In summary, the clinical evidence confirms that Calfactant is a highly effective and well-tolerated therapy for RDS in premature infants. It is clearly superior to older synthetic surfactants and demonstrates comparable, if not slightly advantageous, efficacy compared to other contemporary natural surfactants.
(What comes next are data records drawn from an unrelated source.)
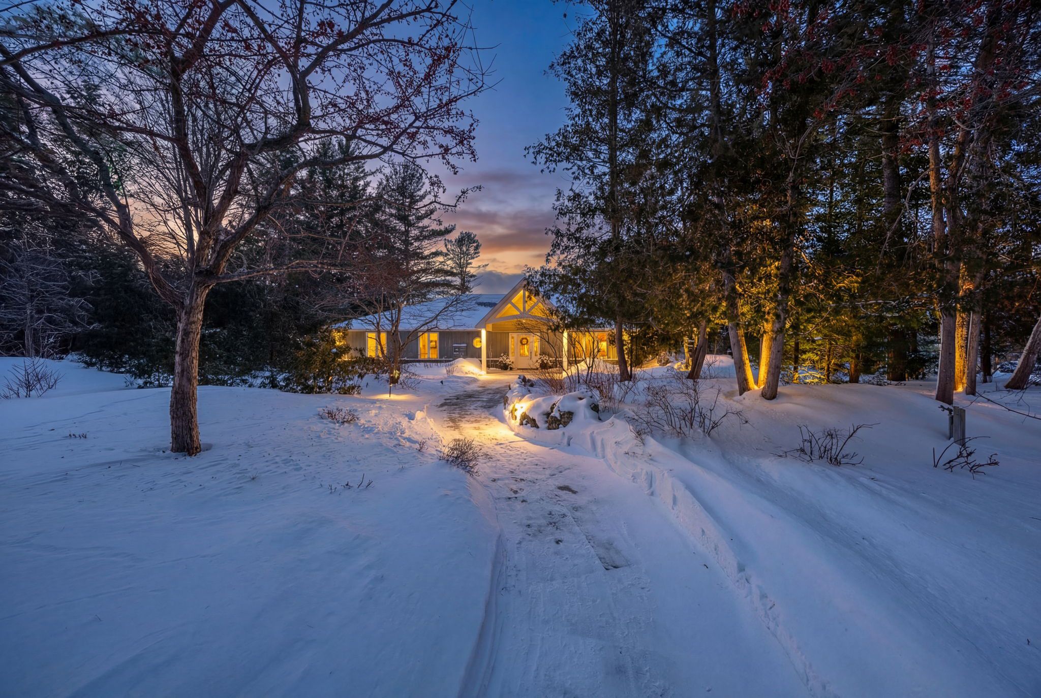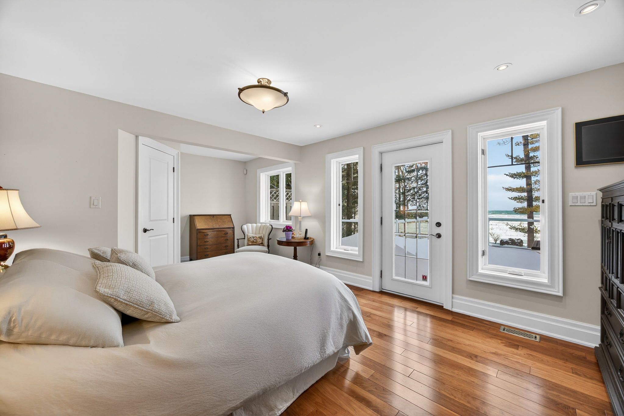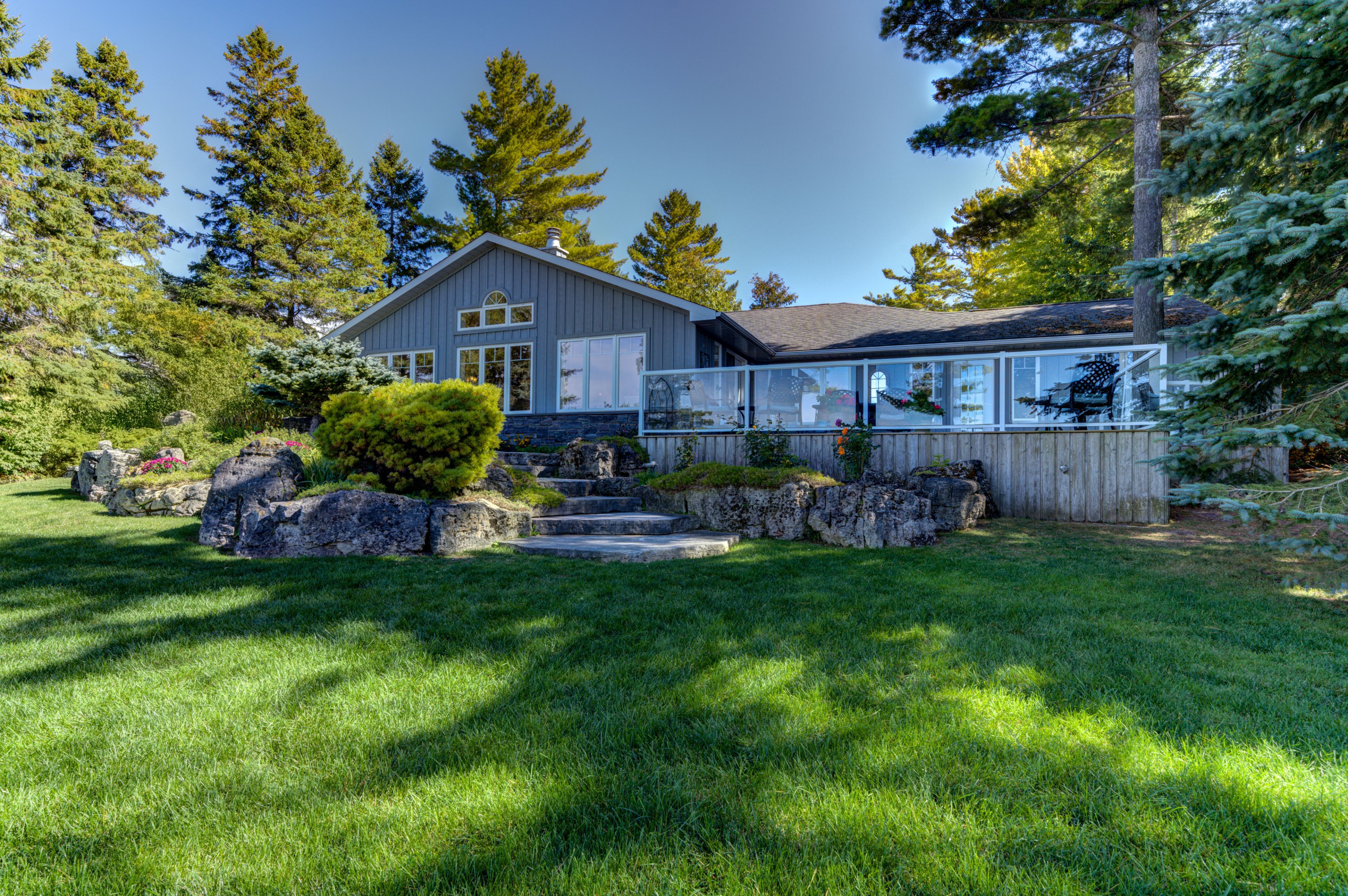 Set along the iconic sandy shoreline of wasaga beach with immediate beach access, enhanced by the privacy of a quiet sandy road, this custom bungalow offers a rare blend of refined craftsmanship and natural beauty with panoramic views across georgian bay to blue mountain. Spectacular sunsets paint the sky creating breathtaking scenes in every season. Professionally landscaped grounds span over 1/2 an acre and are framed by mature trees, impressive limestone boulders and meandering walkways through perennial gardens creating a sanctuary that feels natural but refined. This one-floor residence of over 2,800 square feet is thoughtfully designed for effortless living and entertaining. Throughout the home, sunlight streams through oversized casement windows. The open-concept living and dining areas, enhanced by walnut flooring and a vaulted ceiling, are anchored by a striking dual-aspect marble-clad gas fireplace. The expansive gourmet kitchen features granite countertops, an oversized double sink, full-height cabinetry with under-cabinet lighting, a generous pantry and premium appliances including a bluestar six-burner gas range and miele fridge/freezer. The two-tiered prep/entertainment island provides seating for five or more. The primary suite is a private retreat that features bay views, access to a secluded deck, a walk-in closet with window, a spa-inspired ensuite with heated floors, granite counters and an oversized marble-tiled shower with granite bench, rainfall showerhead and body jets. Three additional large bedrooms and two three-piece bathrooms provide comfort for family or guests. Outdoor living is enhanced by an expansive lounging and dining deck offering breathtaking lake and stunning sunset vistas. An oversized detached two-car garage and large driveway provide ample parking. This beautiful and unique home ensures tranquil and pleasurable living immersed in the beauty of each season.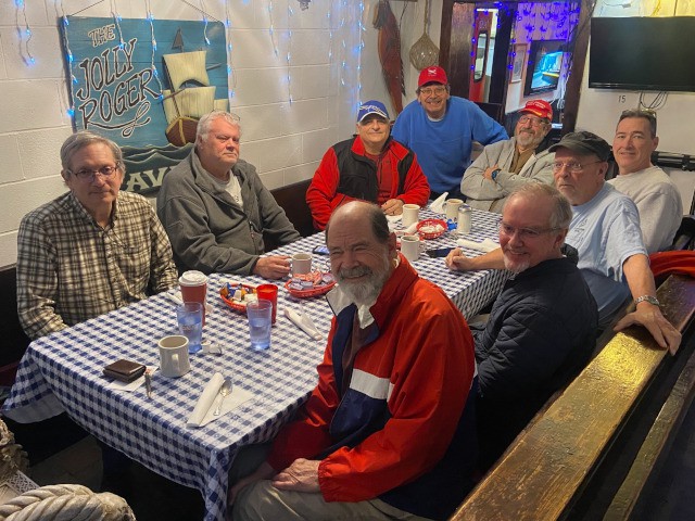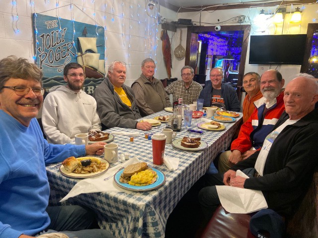 High wind gusts on the Outer Banks prevented flying today, however nine club members and one guest met instead for discussion about our club and model aviation over breakfast at the Jolly Roger Restaurant.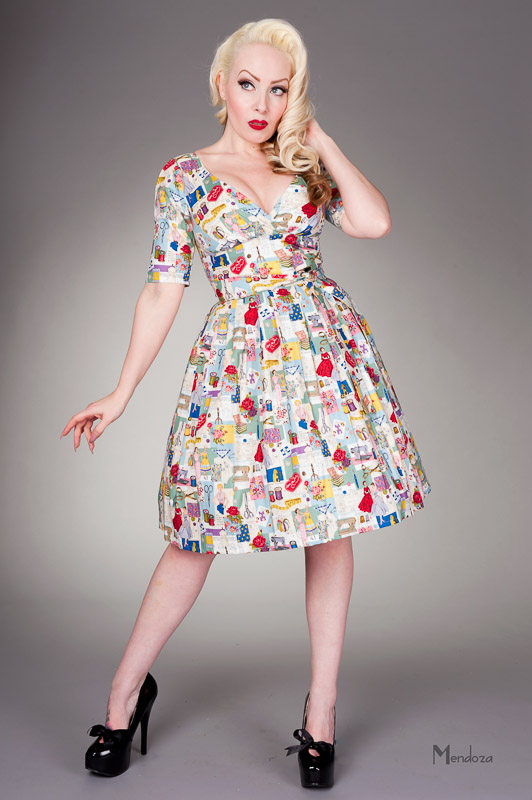 1950s STYLE RETRO DRESS.THE STYLE IS A DAY DRESS, PRINT LOVE TO SEW 100% COTTON SIZE 12 IN STOCK. YOU CAN PICK AND ORDER YOUR OWN STYLE,SIZE AND PRINT.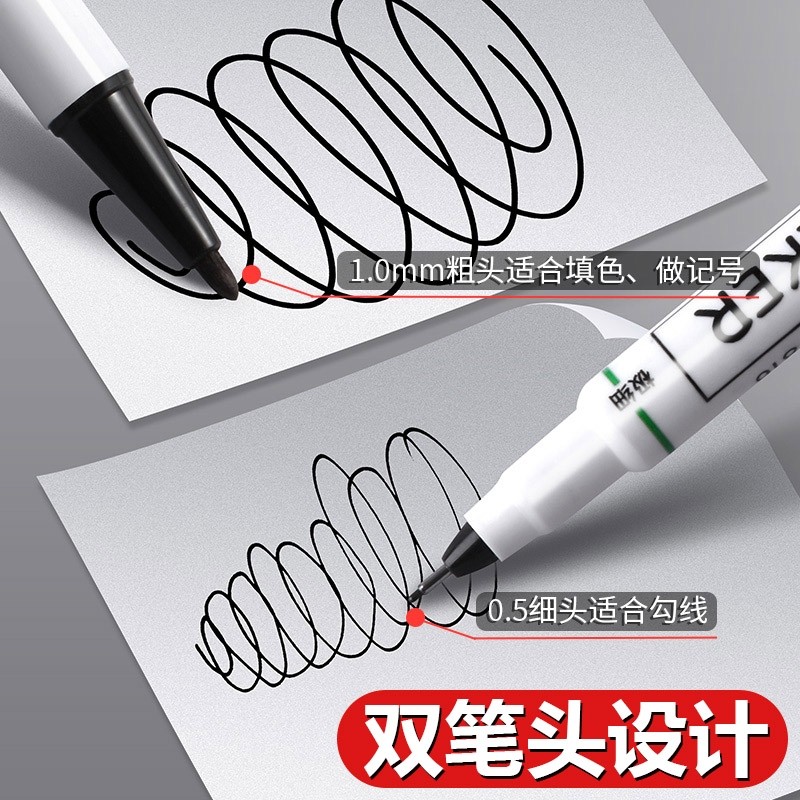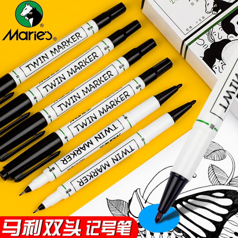 Marley black line pen oily quick-drying small double-headed marker pen children's art painting check stroke pen waterproof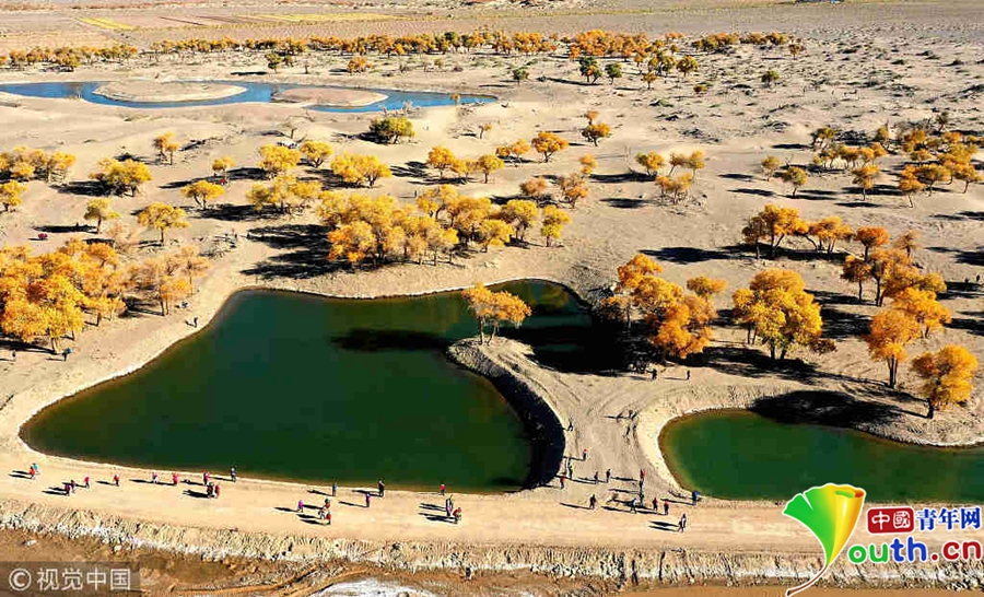 中國青年網(wǎng)北京10月9日電 2018年10月7日至8日,內(nèi)蒙古自治區(qū)阿拉善盟額濟(jì)納旗,地處巴丹吉林沙漠。額濟(jì)納河兩岸壯觀的胡楊林堪稱大漠的一顆綠色明珠,每年深秋時(shí)節(jié)的第一場秋霜過后,大片的胡楊樹葉由綠變黃,一眼望去,陽光下金色的樹葉襯著湛藍(lán)的天空于風(fēng)中婆娑起舞,鮮明的影調(diào),亮麗的色彩,令人流連忘返。

Table 2: Summary of Key Comparative Clinical Trials for Calfactant

Trial/Reference	Comparator Drug	Study Design & Population	Key Efficacy Endpoints & Results
Pivotal Prophylaxis & Treatment Trials 11	Colfosceril Palmitate (Exosurf Neonatal®)	Multiple-dose, randomized, double-blind trials (~2,000 infants). Prophylaxis: Infants <29 weeks gestation. Treatment: Infants ≤72 hours old with established RDS.	- RDS Severity & Mortality: Calfactant reduced RDS severity and mortality to a greater extent than colfosceril. - Air Leaks: Lower incidence of pulmonary air leaks with Calfactant (12% vs. 22%). - Oxygenation: Significant improvements in FiO2 and MAP within 24-48 hours with Calfactant.
Comparative Trials 11	Beractant (Survanta®)	Randomized, double-blind, multicenter trials. Prophylaxis & Treatment: Preterm infants with or at risk for RDS.	- RDS Severity: Calfactant reduced RDS severity more than beractant in rescue treatment. - Mortality: No significant difference in overall mortality rates. - Duration of Effect: Calfactant demonstrated a longer duration of effect and a reduced need for redosing compared to beractant.
Korean Cohort Study 35	Surfactant-TA, Poractant alfa	Retrospective cohort study (332 infants, 24-31 weeks gestation) with RDS.	- Primary Outcomes: No significant differences between Calfactant, Surfactant-TA, and Poractant alfa in rates of redosing, air leaks, duration of ventilation, high-grade IVH, or mortality. - Conclusion: Calfactant was found to be equally as effective as the other two natural surfactants in this cohort.

Dosage and Administration

The safe and effective use of Calfactant requires strict adherence to established dosing regimens and a meticulous administration protocol performed by trained personnel in a specialized setting.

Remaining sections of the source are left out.